Junrui Xu [7] ve arkadaşları yaptıkları çalışmada AA5182 alüminyum alaşımlı levhanın şekillendirilmesinde lastik pedin etkisi araştırılmıştır. Büzülmeyi veya plastik bükülmeyi önlemek için, çekme işlemi sırasında iş parçasının tüm alanını desteklemek üzere lastik bir ped zımba olarak kullanılmıştır. Çalışma sonucunda, levhaların şekillendirilmesinde, kalıp açılarının ve draft açısının önemli bir parametre olduğu belirlenmiş, ancak lastik tamponun sertliğinin önemli bir parametre olmadığı sonucuna varılmıştır.
Abbas Niknejad [8] ve arkadaşları, Al1050, SS304 ve Ti-G5 sac parçalarının teflon (zımba) tampon kullanılarak şekillendirilmesi üzerine bir çalışma yapmışlardır. Yaptıkları çalışmada, artan tampon kalınlığının şekillendirme için gerekli enerji miktarını artırdığını rapor etmişlerdir. Bu sonuç, tampon kalınlığının şekillendirme sürecindeki önemini vurgulamaktadır. Çalışmada, enjeksiyon sıcaklığı, enjeksiyon basıncı ve hızı gibi faktörler kontrol edilmiştir. Araştırma sonucunda, sac parçalarının incelmesi üzerinde tüm faktörlerin etkili olduğu belirlenmiş ve sac parçalarının incelme oranlarının %1,933 ile %3,867 arasında değiştiği tespit edilmiştir. Ayrıca, artan basınç, eriyik sıcaklık ve enjeksiyon sıcaklığının şekillendirme oranını artırdığı rapor edilmiştir.

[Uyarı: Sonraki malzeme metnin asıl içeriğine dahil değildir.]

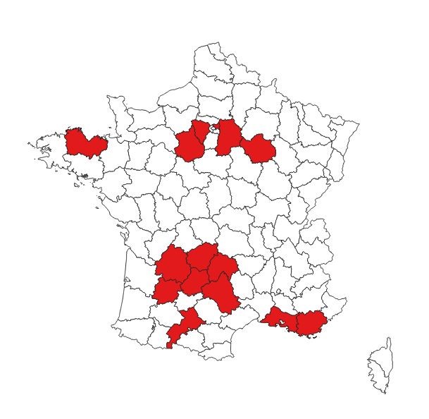 Départements où des conditions techniques spécifiques pourront être nécessaires : Aube (10), Bouches-du-Rhône (13), Corrèze (19), Côtes d’Armor (22), Creuse (23), Dordogne (24), Drome (26), Gard (30), Garonne (31), Bas-Rhin (67), Paris (75), Seine-et-Marne (77), Yvelines (78), Tarn (81), Tarn-et-Garonne (82), Var (83), Vaucluse (84), Haute-Vienne (87), Yonne (89), Essonne (91), Hauts-de-Seine (92), Seine-Saint-Denis (93), Val-de-Marne (94), Val d’Oise (95).
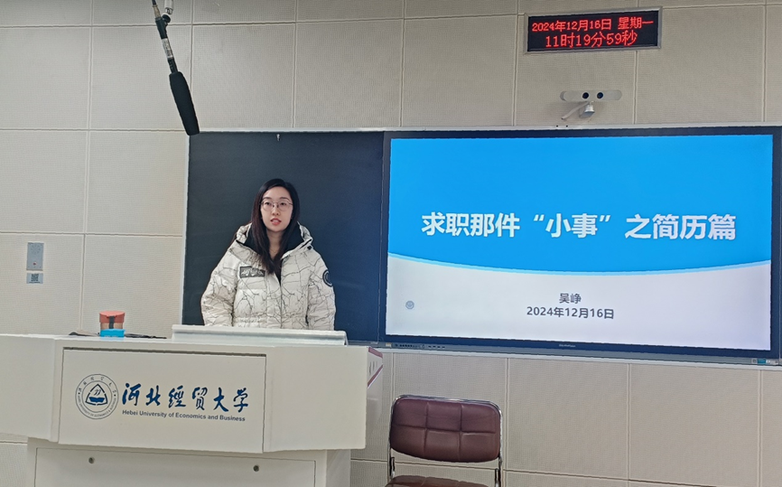 吴峥从“简历、求职邮件、实习实践”三个方面为学生深入讲解了简历制作的方法与注意事项,提醒同学注意职邮件的主题和简历命名格式。吴峥建议学生以表格形式记录自己的面试进度。鼓励学生多参与实习,考取资产评估师、初级会计证等相关证书,提高自身竞争力;积极参加求职就业讲座和比赛,锻炼面试能力。
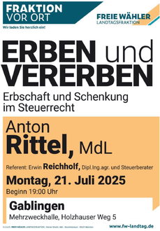 Zu diesem Vortrag laden die Freien Wähler Gablingen und Landtagsabgeordneter, Anton Rittel ein.
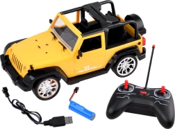 To zabavno terensko vozilo na daljinsko upravljanje izstopa z odprto off-road karoserijo, realističnimi detajli in stabilno vožnjo. Zahvaljujoč zadnjemu pogonu in možnosti nastavitve stekanja koles se zlahka upravlja in drži smer, medtem ko sprednje luči med vožnjo osvetljujejo pot.
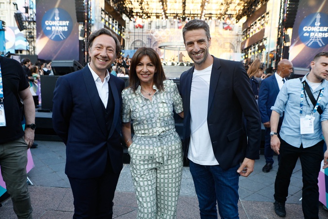 Exclusif - Stéphane Bern, Anne Hidalgo, Tony Estanguet - Backstage du "Concert de Paris" sur le parvis de l'hôtel de ville de Paris retransmis en direct sur France 2 et sur France Inter, Paris le 14 juillet 2024. © Christophe Clovis- Pierre Perusseau / Bestimage Exclusive - For Germany call for price - No Web For Belgium and Switzerland - Backstage of the "Concert de Paris" on the forecourt of Paris City Hall broadcast live on France 2 and France Inter, Paris on July 14, 2024.
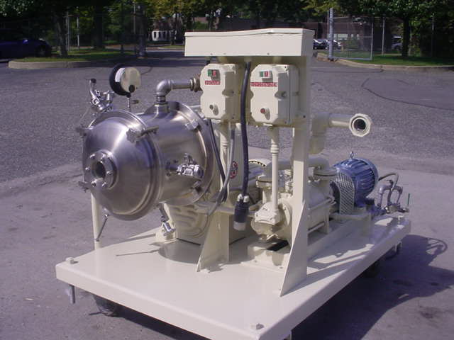 1-USED CORNELL MACHINE COMPANY MODEL D16 STAINLESS STEEL SANITARY VERSATOR, S/N 6353-R. DRIVEN BY 15 HP 3/60/230-460 VOLT, EXPLOSION PROOF MOTOR, THIS VERSATOR IS MOUNTED ON PORTABLE BASE WITH CASTERS. ALSO EQUIPPED WITH SIHI 7.5 HP EXPLOSION PROOF VACUUM PUMP, 3/60/230-460 VOLT. CORNELL VERSATOR CAN FUNCTION AS A DEAERATOR, EMULSIFIER, HOMOGENIZER, DEGASSER, AND DEFOAMER.
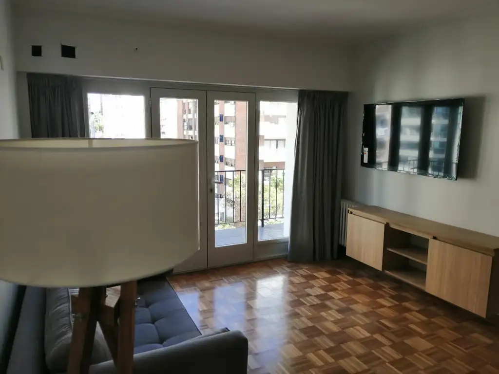 La unidad cuenta con un amplio living comedor amoblado, con ventanales al final del mismo que dan salida al balcon al frente.
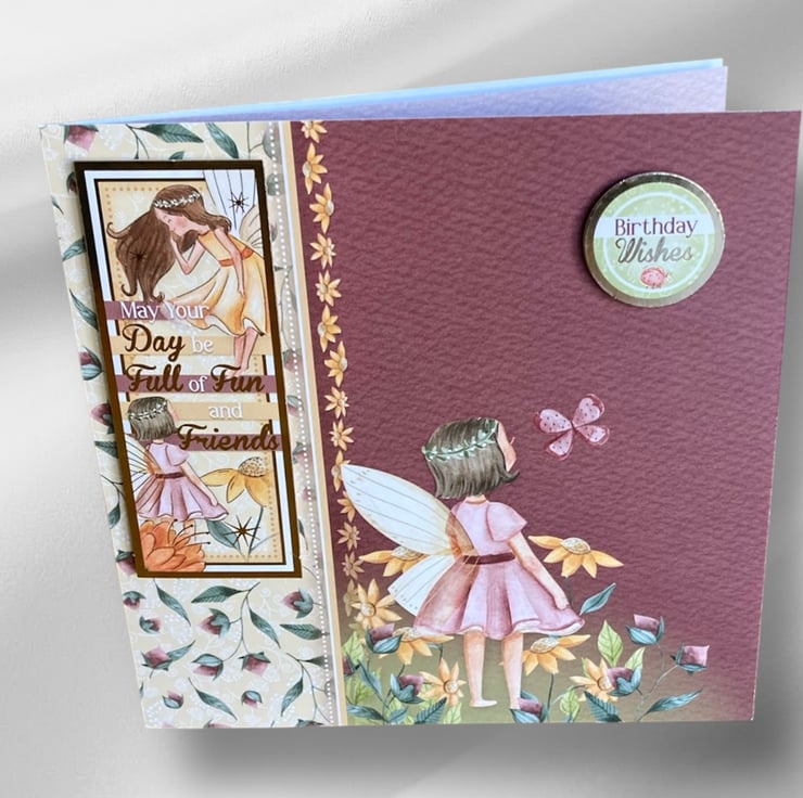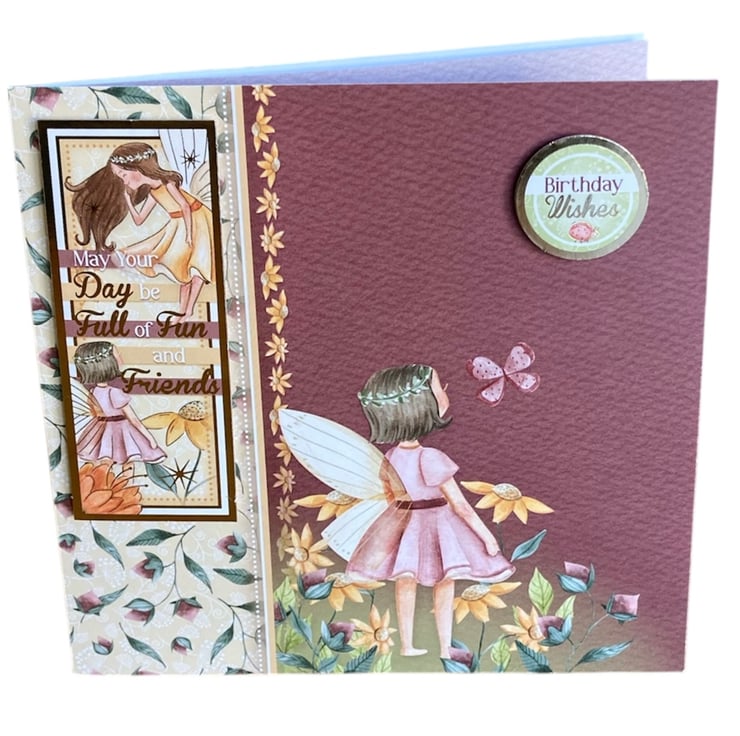 Each card features a pretty fairy design which has been added in 3D to a decorated card background. The cards have different sentiments one says Sending Fairy Kisses the other May Your Day be Filled Full of Fun and Friends, and Birthday Wishes.

L. Belhassen [9] ve arkadaşları, alüminyum sacların lastik tampon yardımıyla şekillendirilmesi üzerine bir çalışma yapmışlardır. Çalışmada, geri esneme ve sünek hasarın sayısal tahmini üzerinde durulmuştur. Çalışma sonuçlarına göre, lastik tamponun sertliğinin artması, hasar olasılığını artırmış ve şekillendirilebilirliği azaltmıştır. Bu bulgular, alüminyum sacların lastik tampon yardımıyla şekillendirilmesinde sertlik parametresinin önemli bir faktör olduğunu göstermektedir.
Lachhel Belhassen [10] ve arkadaşlarının yaptığı araştırma, alüminyum AA1050-H14 sac metallerin şekillendirilmesinde esnek zımba kullanımının etkinliği üzerinedir. Zımba olarak iki farklı sertlikte (50 ve 70 Shore A) poliüretan, silikon ve doğal kauçuk malzemeler kullanmışlardır. Araştırmanın sonuçları, poliüretan kauçuğun, serbest genleşme yöntemiyle sac metalleri şekillendirmede diğer malzemelere göre daha üstün olduğunu göstermiştir. Poliüretan kauçuk, doğal ve silikon kauçuğa kıyasla, sac metalin kırılmasını geciktirerek daha yüksek şekil alma kabiliyeti sağlamış. Bu sonuç, poliüretanın yüksek esneklik ve dayanıklılık özelliklerinden kaynaklandığı belirtilmiştir. Esnek zımbaların sertliği arttıkça, sac levhaların şekil alma kabiliyeti de iyileşmiştir.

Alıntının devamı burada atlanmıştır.